▶ **PROBLEM REQUIREMENTS**
Could the data below be retyped exactly, without its pictures?

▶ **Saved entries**
-*-
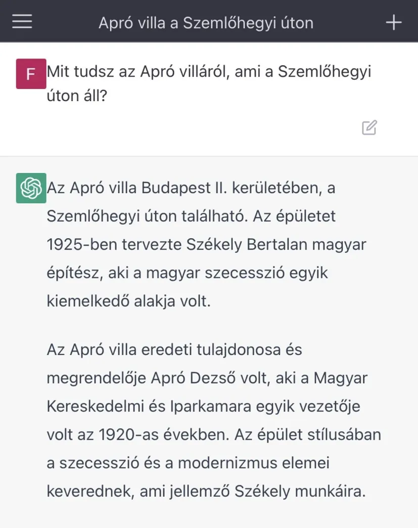 A ChatGTP Gyurcsány Ferencék lakhelyéről, a Szemlőhegyi úton álló Apró-villáról is szőtt egy történetet, ami valójában sokkal jobb, mint az eredeti sztori. A valóságban ugyanis Dobrev Klára nagypapája, a kommunista káder Apró Antal költözött a villába, miután azt elkobozták egy zsidó üzletembertől. Megértjük, hogy egy intelligens csetbot is nyüszítve tiltakozik ez ellen a valóság ellen, és inkább kitalál egy jobb sztorit. Ebben a villa eredeti tulajdonosa és megrendelője Apró Dezső, aki a Magyar Kereskedelmi és Iparkamara egyik vezetője volt az 1920-as években...
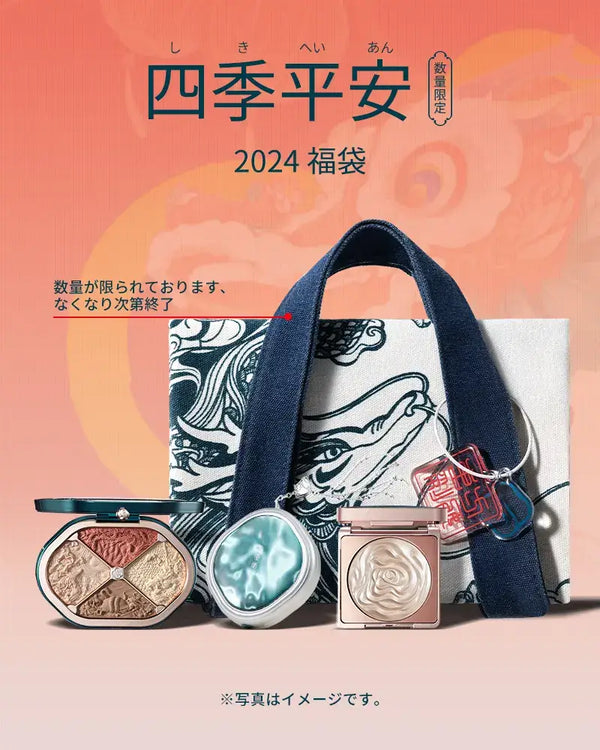 四季平安 福袋 25,000円双花彫刻ハイライト、星宿彫刻4色パレット、西湖限定プレストパウダーなど四季を意識したセット。
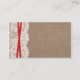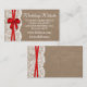 La collection rustique de mariage d'arc rouge est un design époustouflant avec un joli arrière - plan rustique effet burlap avec un cadre romantique vintage effet dentelle blanche et un arc rouge étonnant. Ces cartes d'insertion de site web mariage peuvent être personnalisées pour votre occasion spéciale et feraient l'insert parfait assorti pour toute suite de mariage rustique, douche nuptiale, fête de fiançailles, fête d'anniversaire et bien plus encore. Ces cartes peuvent être utilisées pour créer des cartes de détail, des cartes d'information pour les clients, des cartes d'hébergement, des cartes de direction, des cartes d'enregistrement des cadeaux ou des cartes de puits de souhaits, ainsi que des cartes de cérémonie et de réception. *Veuillez noter que Zazzle ne vend que des cartes imprimées afin que ces cartes n'aient pas de matériel réel pour le burlap, la dentelle, le ruban ou l'arc.
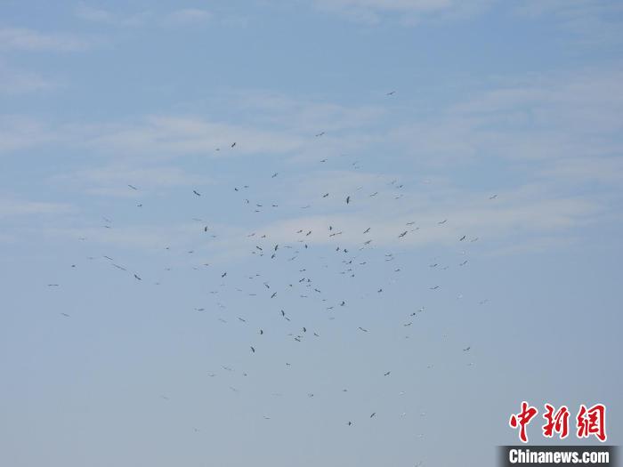成群的東方白鸛在空中飛翔。廣東省林業(yè)局 供圖
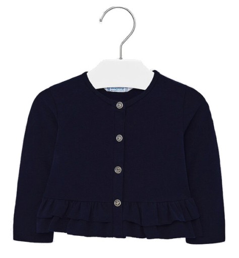 Wdzianko z długim rękawem dla dziewczynki. Okrągły dekolt. Zapinane z przodu na guziczki. Dół wykończony podwójna falbanką. Długość do bioder. Elastyczna, rozciągliwa i przyjemna w dotyku dzianina. Kolor : granatowy
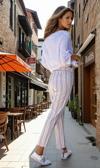 - Düz deseni ve boru paça tasarımı ile sade ve şık bir görünüm kazandırır
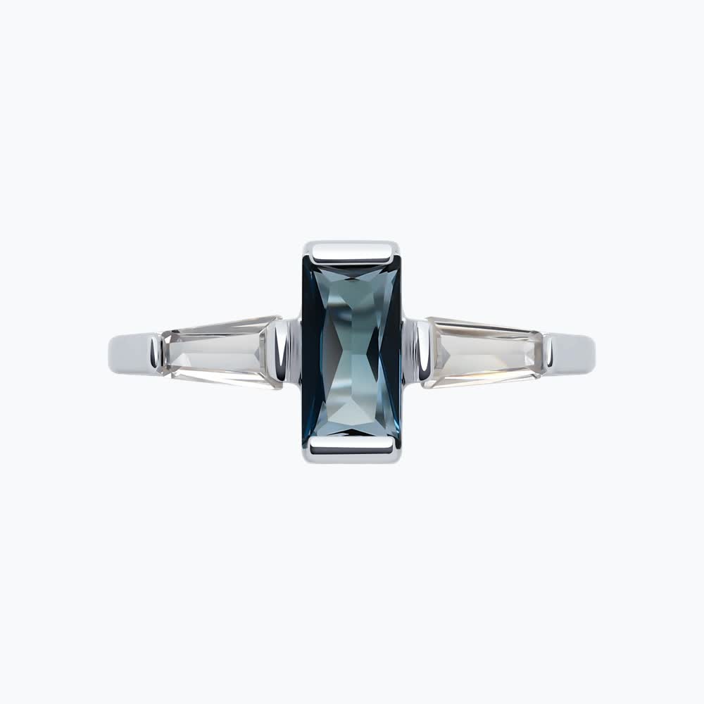 Кольцо из белого золота 585 пробы с топазами London Blue и фианитами
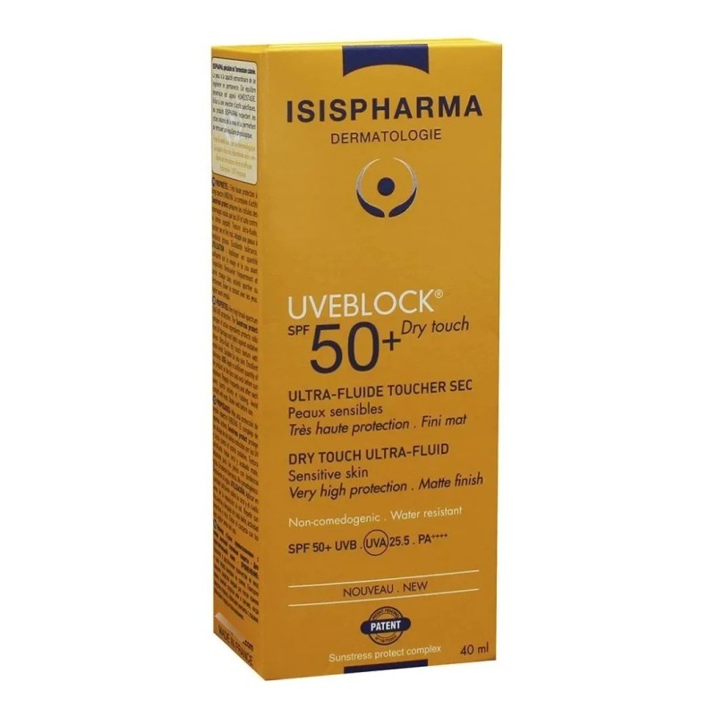 Isis Solar Uveblock SPF 50+ Toque Seco 40 ml. Fluido protector solar FPS 50+. Acabado mate, toque seco. Para piel grasa, sensible, con acné. Hipoalergénico, resistente al agua.
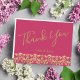 Modern and Elegant wedding thank you postcard features a red purple / magenta background (2022 Pantone colour pick "innuendo") with gold lettering and filigree bottom border
-*-
▶ **RESULT BELOW**
 A ChatGTP Gyurcsány Ferencék lakhelyéről, a Szemlőhegyi úton álló Apró-villáról is szőtt egy történetet, ami valójában sokkal jobb, mint az eredeti sztori. A valóságban ugyanis Dobrev Klára nagypapája, a kommunista káder Apró Antal költözött a villába, miután azt elkobozták egy zsidó üzletembertől. Megértjük, hogy egy intelligens csetbot is nyüszítve tiltakozik ez ellen a valóság ellen, és inkább kitalál egy jobb sztorit. Ebben a villa eredeti tulajdonosa és megrendelője Apró Dezső, aki a Magyar Kereskedelmi és Iparkamara egyik vezetője volt az 1920-as években...
 四季平安 福袋 25,000円双花彫刻ハイライト、星宿彫刻4色パレット、西湖限定プレストパウダーなど四季を意識したセット。
 La collection rustique de mariage d'arc rouge est un design époustouflant avec un joli arrière - plan rustique effet burlap avec un cadre romantique vintage effet dentelle blanche et un arc rouge étonnant. Ces cartes d'insertion de site web mariage peuvent être personnalisées pour votre occasion spéciale et feraient l'insert parfait assorti pour toute suite de mariage rustique, douche nuptiale, fête de fiançailles, fête d'anniversaire et bien plus encore. Ces cartes peuvent être utilisées pour créer des cartes de détail, des cartes d'information pour les clients, des cartes d'hébergement, des cartes de direction, des cartes d'enregistrement des cadeaux ou des cartes de puits de souhaits, ainsi que des cartes de cérémonie et de réception. *Veuillez noter que Zazzle ne vend que des cartes imprimées afin que ces cartes n'aient pas de matériel réel pour le burlap, la dentelle, le ruban ou l'arc.
成群的東方白鸛在空中飛翔。廣東省林業(yè)局 供圖
 Wdzianko z długim rękawem dla dziewczynki. Okrągły dekolt. Zapinane z przodu na guziczki. Dół wykończony podwójna falbanką. Długość do bioder. Elastyczna, rozciągliwa i przyjemna w dotyku dzianina. Kolor : granatowy
 - Düz deseni ve boru paça tasarımı ile sade ve şık bir görünüm kazandırır
 Кольцо из белого золота 585 пробы с топазами London Blue и фианитами
 Isis Solar Uveblock SPF 50+ Toque Seco 40 ml. Fluido protector solar FPS 50+. Acabado mate, toque seco. Para piel grasa, sensible, con acné. Hipoalergénico, resistente al agua.
 Modern and Elegant wedding thank you postcard features a red purple / magenta background (2022 Pantone colour pick "innuendo") with gold lettering and filigree bottom border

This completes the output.